*EXERCISE DETAILS:*
When you reach the line containing "Schaffen Sie mit" in the entries below, start writing out each line exactly, and stop after the line containing "Four propellants are".

*INPUT DATA:*
=== Begin Enclosure ===

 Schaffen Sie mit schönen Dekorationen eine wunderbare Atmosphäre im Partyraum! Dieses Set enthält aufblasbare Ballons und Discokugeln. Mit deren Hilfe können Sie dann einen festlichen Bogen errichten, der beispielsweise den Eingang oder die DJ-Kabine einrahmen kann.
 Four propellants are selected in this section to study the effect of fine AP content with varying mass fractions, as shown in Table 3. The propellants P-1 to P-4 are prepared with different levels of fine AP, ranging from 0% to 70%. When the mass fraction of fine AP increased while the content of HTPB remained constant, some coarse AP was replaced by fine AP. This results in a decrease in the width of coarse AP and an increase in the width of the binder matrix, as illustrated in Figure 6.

=== End Enclosure ===
=== Begin Enclosure ===

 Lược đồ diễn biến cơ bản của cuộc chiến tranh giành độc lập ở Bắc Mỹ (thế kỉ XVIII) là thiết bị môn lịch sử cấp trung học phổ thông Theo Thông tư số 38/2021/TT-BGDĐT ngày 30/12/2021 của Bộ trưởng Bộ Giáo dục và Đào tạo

=== End Enclosure ===

*EXPECTED OUTPUT:*
 Schaffen Sie mit schönen Dekorationen eine wunderbare Atmosphäre im Partyraum! Dieses Set enthält aufblasbare Ballons und Discokugeln. Mit deren Hilfe können Sie dann einen festlichen Bogen errichten, der beispielsweise den Eingang oder die DJ-Kabine einrahmen kann.
 Four propellants are selected in this section to study the effect of fine AP content with varying mass fractions, as shown in Table 3. The propellants P-1 to P-4 are prepared with different levels of fine AP, ranging from 0% to 70%. When the mass fraction of fine AP increased while the content of HTPB remained constant, some coarse AP was replaced by fine AP. This results in a decrease in the width of coarse AP and an increase in the width of the binder matrix, as illustrated in Figure 6.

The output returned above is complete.